The Warwickshire Fungus Group has recently been formed as an email group to enable the field meetings of the Warwickshire Fungus Survey See below to continue after the Survey was disbanded in 2021. Beginners are always welcome. To ensure that you do not arrive at a foray that has been cancelled or moved, it is important to be a member of the Warwickshire Fungus Group email group. The field meetings co-ordinator, John Walton, will send an e mail a few days before the meeting with any changes due to inclement weather or a poor fruiting period.

If you are planning to come to a meeting, it is your responsibility to check your emails for changes.

After a foray, please check A Fungus Flora of Warwickshire and the Additions to the Flora to confirm that any of the less-common species that you have collected have already been recorded for the County. If they have not, PLEASE KEEP DRIED MATERIAL for the herbarium. Please send lists of species that you have found on the forays in Warwickshire to John Walton. Where possible, please state the habitat and associated trees and plants for each record.

Permission has been obtained from landowners to collect for scientific purposes. In the interests of conservation, please do not collect more specimens than necessary for your personal use. We do not encourage collection of specimens for culinary purposes

The Warwickshire Fungus Group is an informal interest group with no formal status or legal identity. All attendees participating in events in our programme do so entirely at their own risk and no responsibility for any injury, loss or damage shall lie against the organisers. The distribution of events is not intended to and does not form any contract or any other legal relationship between the organisers and the participants. The Warwickshire Fungus Group is affiliated to the British Mycological Society.

The Warwickshire Fungus Group looks at fungi in the old Vice County of Warwickshire, which is Warwickshire as it was understood in 1852. Vice Counties


 


The Warwickshire Fungus Survey

The survey was started in 1965, at the suggestion of Dr. Nancy Montgomery, and with the close co-operation of Dr Gill Brand, ne้ Butler, then both of Birmingham University.

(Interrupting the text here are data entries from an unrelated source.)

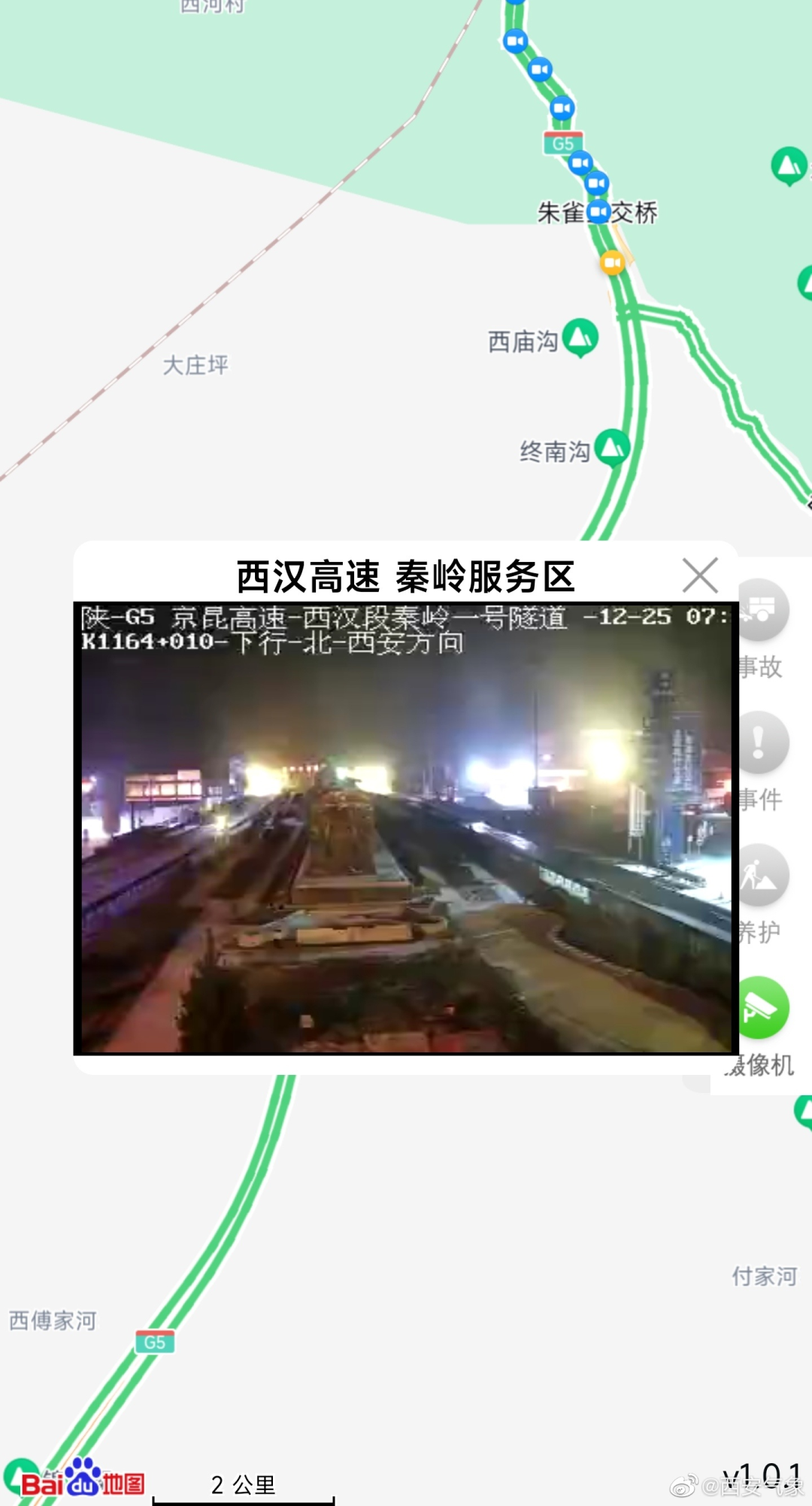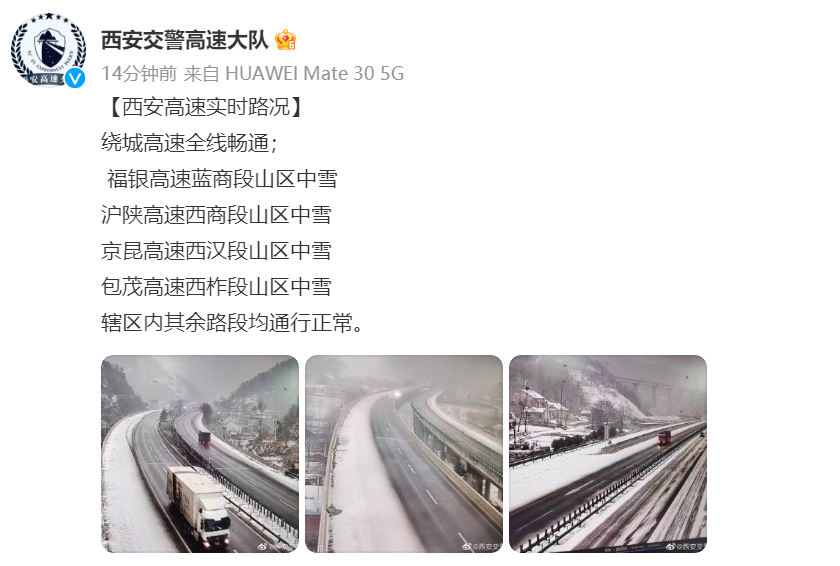 繞城高速全線暢通;福銀高速藍商段山區(qū)中雪;滬陜高速西商段山區(qū)中雪 ;京昆高速西漢段山區(qū)中雪;包茂高速西柞段山區(qū)中雪;轄區(qū)內其余路段均通行正常。
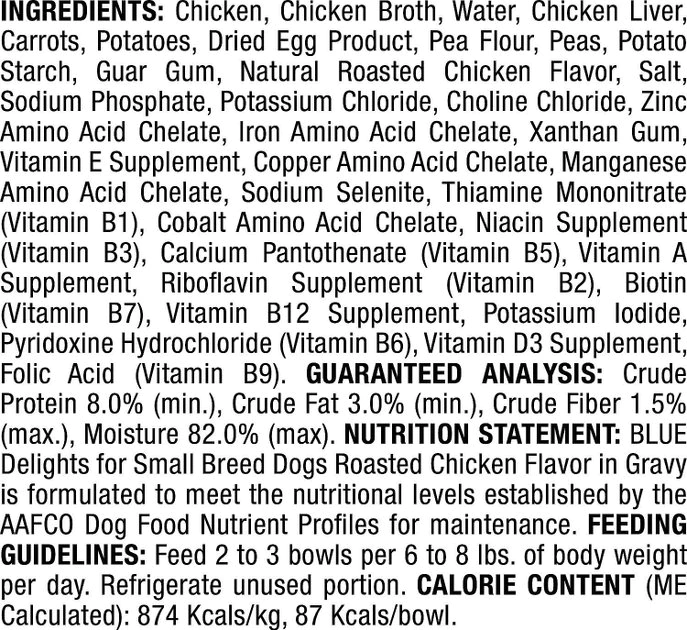 - Blue Buffalo Divine Delights Roasted Chicken Flavor Hearty Gravy Dog Food Trays are specially crafted for small breed canine companions.
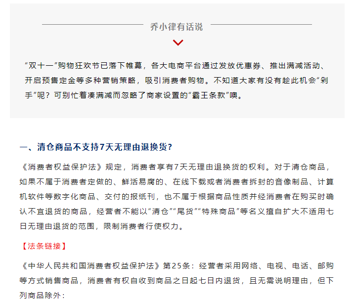 乔盛专业丨“双十一”商家“霸王条款”避坑指南
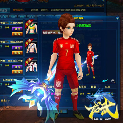 3、【商城】新增时装【我爱世界杯:五星巴西】、【我爱世界杯:德国战车】、【我爱世界杯:西班牙斗牛】和【999朵红玫瑰】、【亲亲宝贝】、【小熊抱抱】等物品出售。
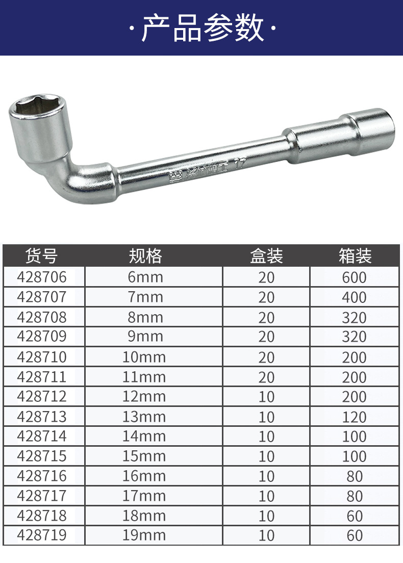 • 商品名称:长城精工 亚光铬穿孔L型套筒扳手
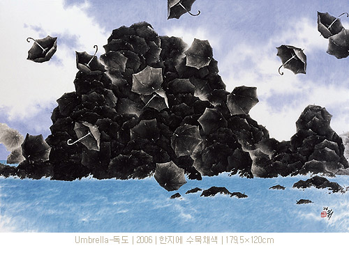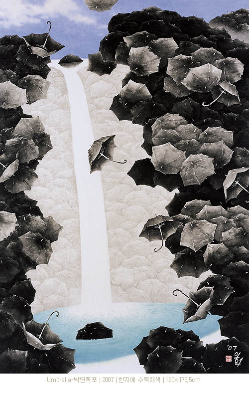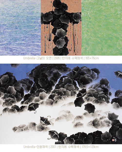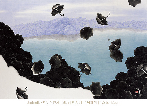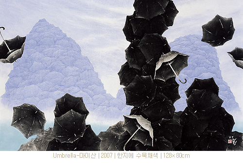 그의 우산은 이제 새로운 면모를 통하여 새로운 시대를 호흡하고자 한다. 사실 우산은 그 자체로 대단히 강한 상징성을 지니고 있는 것이다. 그것은 낭만과 우수의 상징일 뿐 아니라 해맑은 동심의 추억을 불러일으키는 것이다. 작가가 만약 이러한 우산의 일차적인 인상과 이미지만을 차용하였다면, 그것은 소재주의의 편협함에 함몰된 결과를 초래했을 것이다. 그러나 작가는 이를 통해 인간과 자연, 그리고 생명에 대한 사유와 긍정을 표출해 내었으며, 우산을 단순한 소재주의적 발상에서 벗어나 특정한 의미를 지닌 상징체계로 승화시킨 것이다. 이제 그의 우산들은 또 다른 대상과 소재를 아우르며 새로운 의미와 가치를 지닌 의미 있는 조형 부호로서 화면에 등장하고 있다. 백두산 천지, 독도, 인왕산, 모악산 등 상징성 강한 산수 풍광들을 우산을 통하여 재구성하여 조형화하고자 하는 근작들은 이전의 작업들과는 다른 또 다른 장쾌한 스케일의 심미를 보여주고 있다. 일정한 시의성을 바탕으로 상징성 강한 산수 풍광의 양태를 차용하지만, 이를 해체한 후 다시 우산이라는 특유의 형상 부호와 조형체계를 통하여 재조합함으로써 그것은 전혀 다른 의미를 지니게 된다. 주목되는 것은 [박연폭포], [인왕재색] 등을 재해석한 작품일 것이다. 이는 전통에 대한 보다 적극적인 재해석의 시도라는 점에서 대단히 흥미로운 것이며, 향후 작가의 작업 방향을 가늠해 볼 수 있는 유력한 단서라 여겨진다. 즉 이전의 우산들이 서정과 낭만을 전제로 한 상징적인 부호였다면, 이제 그의 새로운 우산들은 서정과 서사를 동시에 아우르는 보다 큰 의미의 상징체계로 구체화되고 있다 할 것이다.
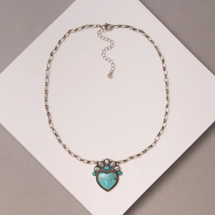 Key Features: A charming Western-inspired necklace featuring a beautifully crafted heart pendant set with a luminous glass stone. The detailed metalwork and polished finish evoke rustic romance and frontier spirit, while the smooth drop silhouette adds a touch of refined elegance. Lightweight and adjustable for everyday comfort, this piece blends heartfelt symbolism with classic Western styling. Perfect For: Rodeos, country concerts, cowgirl gatherings, festivals, and daily Western wear. A thoughtful gift for country music fans, sentimental partners, collectors, and Western jewelry lovers. Ideal for boutiques, rodeo vendors, souvenir shops, and retailers seeking a sweet, versatile Western accent for any wardrobe.
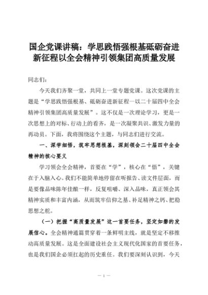 【七哥公文】2025年:国企党课讲稿:学思践悟强根基砥砺奋进新征程以全会精神引领集团高质量发展+更多免费公文+VX:QiGeGongWen2024
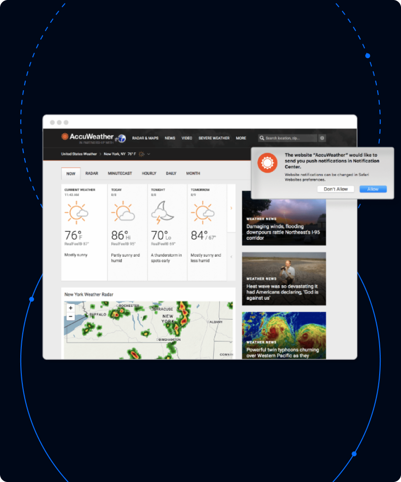 AccuWeather delivers national news and curated content via Airship Web Notifications to boost site traffic and generate more ad revenue.
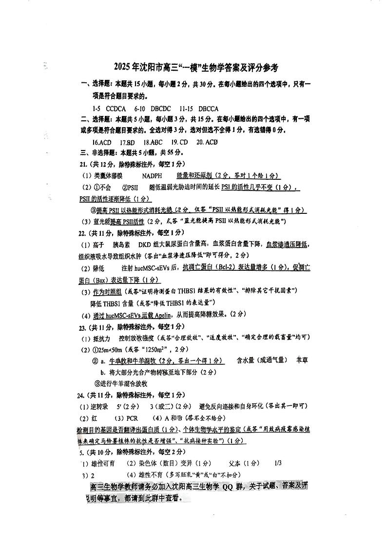 辽宁省沈阳市2025届高三上学期教学质量监测(一)生物答案.pdf

An enthusiastic group of amateur and professional mycologists, worked during the following fifteen years to produce the Fungus Flora of Warwickshire. This group was the first of its kind anywhere, devoting itself to the identification of fungi, lichens and myxomycetes. The group was the mycological section of Birmingham Natural History Society. The society employed its resources to aid the production of the Flora.

The Fungus Flora was published in 1980 by the British Mycological Society and edited by the late Malcolm Clark. It contains detailed records of the fungi found in the area, at least one specimen with detailed notes was dried and kept in the herbarium.

It was obvious, even with the publication of the Flora that new species were still turning up, and that the Survey was well worth carrying on. Since 1980, supplements have been published in the Proceedings of the Birmingham Natural History Society. New members continue to join us.

For anyone who would like to refer to the archived 'Warwickshire Fungus Survey' website.   Warwickshire Fungus Survey



Vice-Counties
The Watsonian Vice Counties were devised by Hewett C. Watson and published first in 1852 in his 'Cybele Britannica'. Essentially they are based on the county divisions at the time, but a number of the larger counties were split up so that each vice-county would represent a more or less equal recording area. The vice-county system presents a standard recording pattern, to which all county floras follow. No matter how many boundary alterations are carried out by Government, the recording areas remain the same, so that exact comparisons can be made between present records and those published in the past. Details of the vice county boundaries, with both text and maps, were published by the Ray Society, (Dandy 1969).
Dandy, J.E. 1969 'Watsonian Vice Counties of Great Britain', the Ray Society, London.